Enflurane also lowers the threshold for seizures, and should especially not be used on people with epilepsy. Like all potent inhalation anaesthetic agents it is a known trigger of malignant hyperthermia.

Like the other potent inhalation agents it relaxes the uterus in pregnant women, which is associated with more blood loss at delivery or other procedures on the gravid uterus.

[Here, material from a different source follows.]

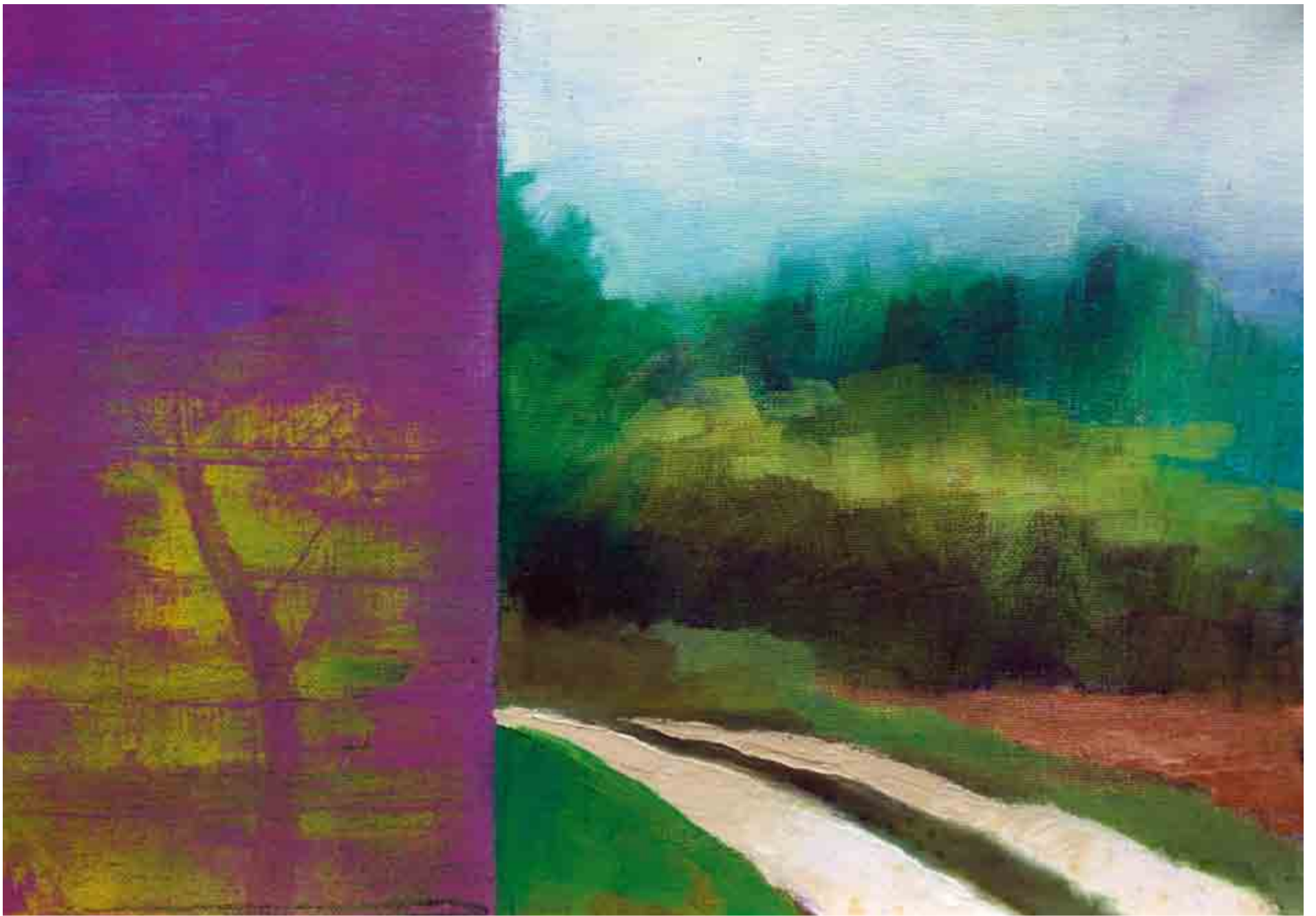
Via dal mulin di Miseu

The obsolete (as an anaesthetic) agent methoxyflurane had a nephrotoxic effect and caused acute kidney injury, usually attributed to the liberation of fluoride ions from its metabolism. Enflurane is similarly metabolised but the liberation of fluoride results in a lower plasma level and enflurane related kidney failure seemed unusual if seen at all.

== Occupational safety ==
The U.S. National Institute for Occupational Safety and Health (NIOSH) has set a recommended exposure limit (REL) for exposure to waste anaesthetic gas of 2 ppm (15.1 mg/m^{3}) over a 60-minute period. Symptoms of occupational exposure to enflurane include eye irritation, central nervous system depression, analgesia, anesthesia, convulsions, and respiratory depression.